Every line below should be copied exactly; drop the pictures.

Collected material:
- Opening Delimiter -

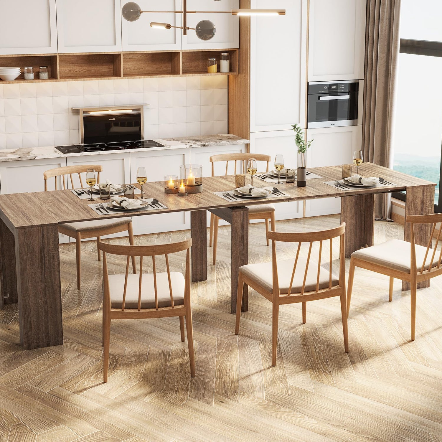 Maotifeys Rustic Wood Extendable Dining Room Table 118" Large Expandable Dining Tables for 6 8 10 12 People Industrial Transformer Kitchen Table Space Saving for Family Gathering (Oak)
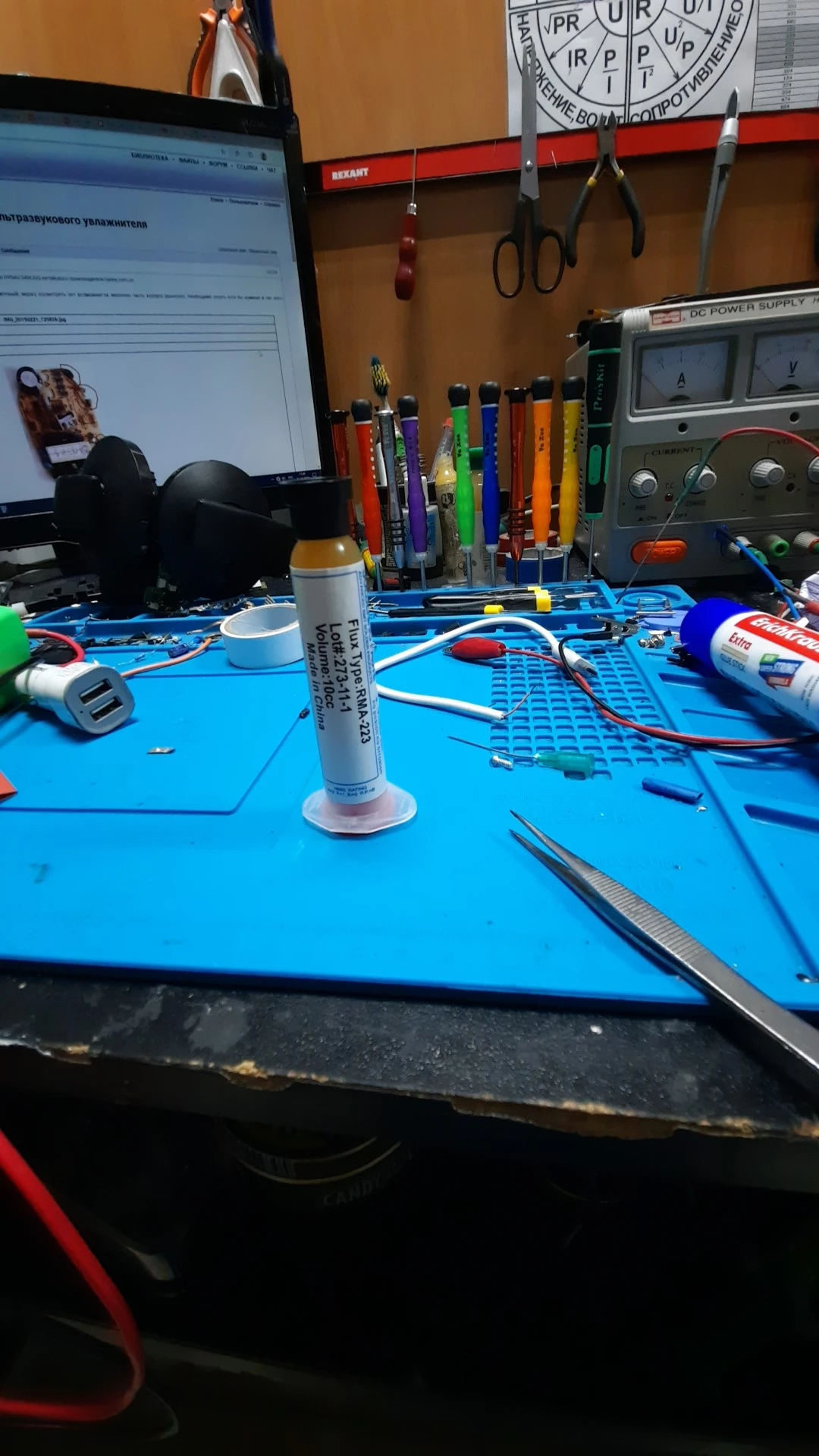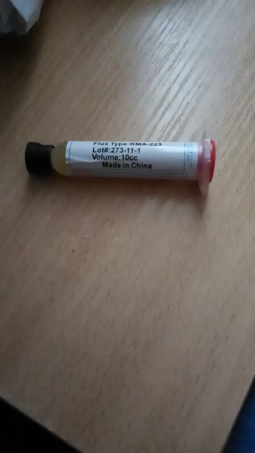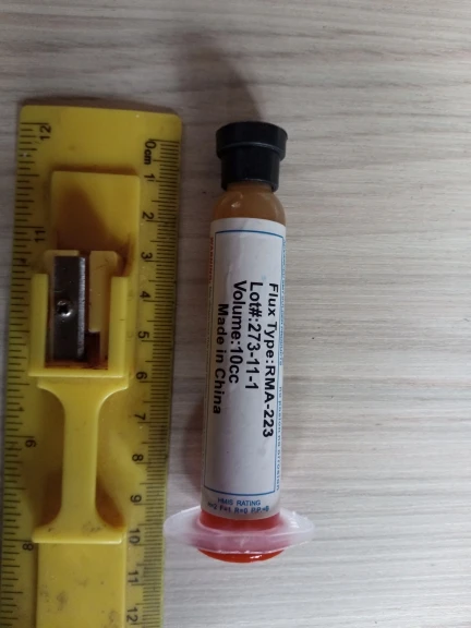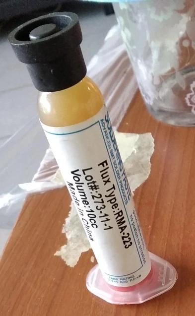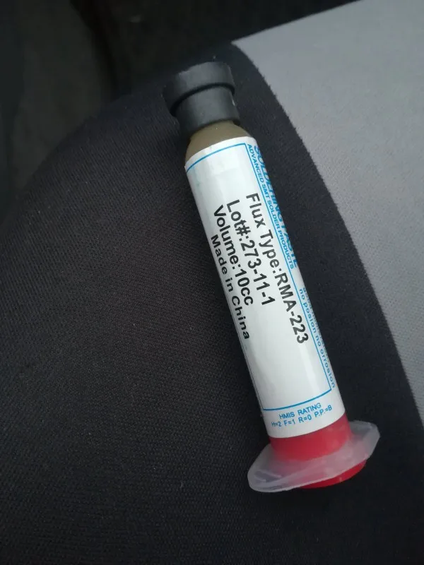 странный флюс. запаха нет. лудит плохо, для выпатвания деталец пойдет.
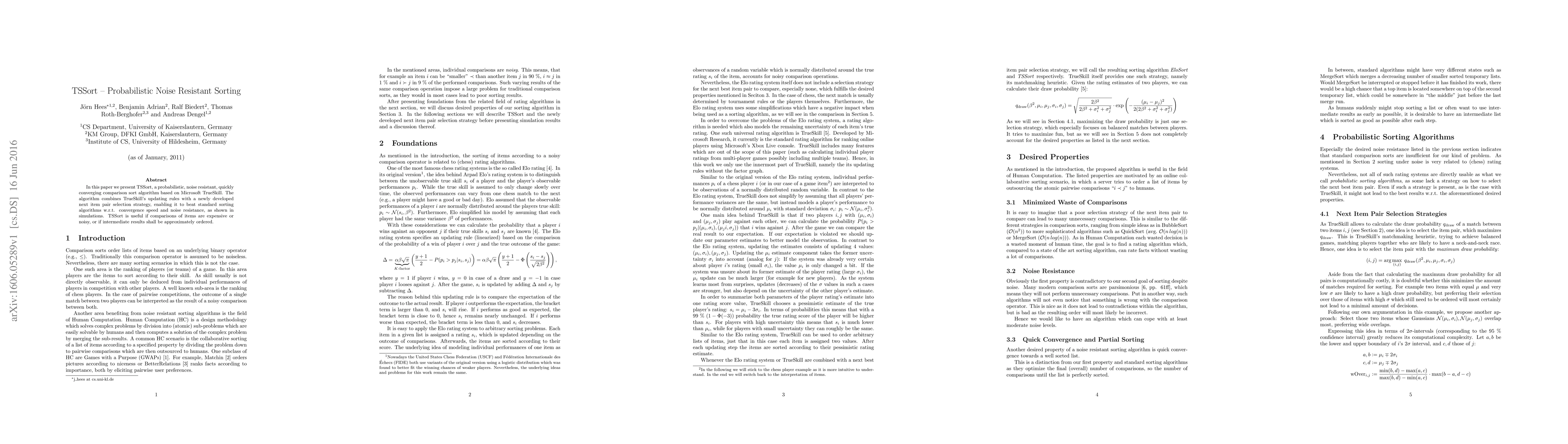 TSSort is a probabilistic sorting algorithm that outperforms traditional algorithms in terms of convergence speed and noise resistance, making it suitable for applications with expensive or noisy comparisons.

- Closing Delimiter -

Answer section:
 Maotifeys Rustic Wood Extendable Dining Room Table 118" Large Expandable Dining Tables for 6 8 10 12 People Industrial Transformer Kitchen Table Space Saving for Family Gathering (Oak)
 странный флюс. запаха нет. лудит плохо, для выпатвания деталец пойдет.
 TSSort is a probabilistic sorting algorithm that outperforms traditional algorithms in terms of convergence speed and noise resistance, making it suitable for applications with expensive or noisy comparisons.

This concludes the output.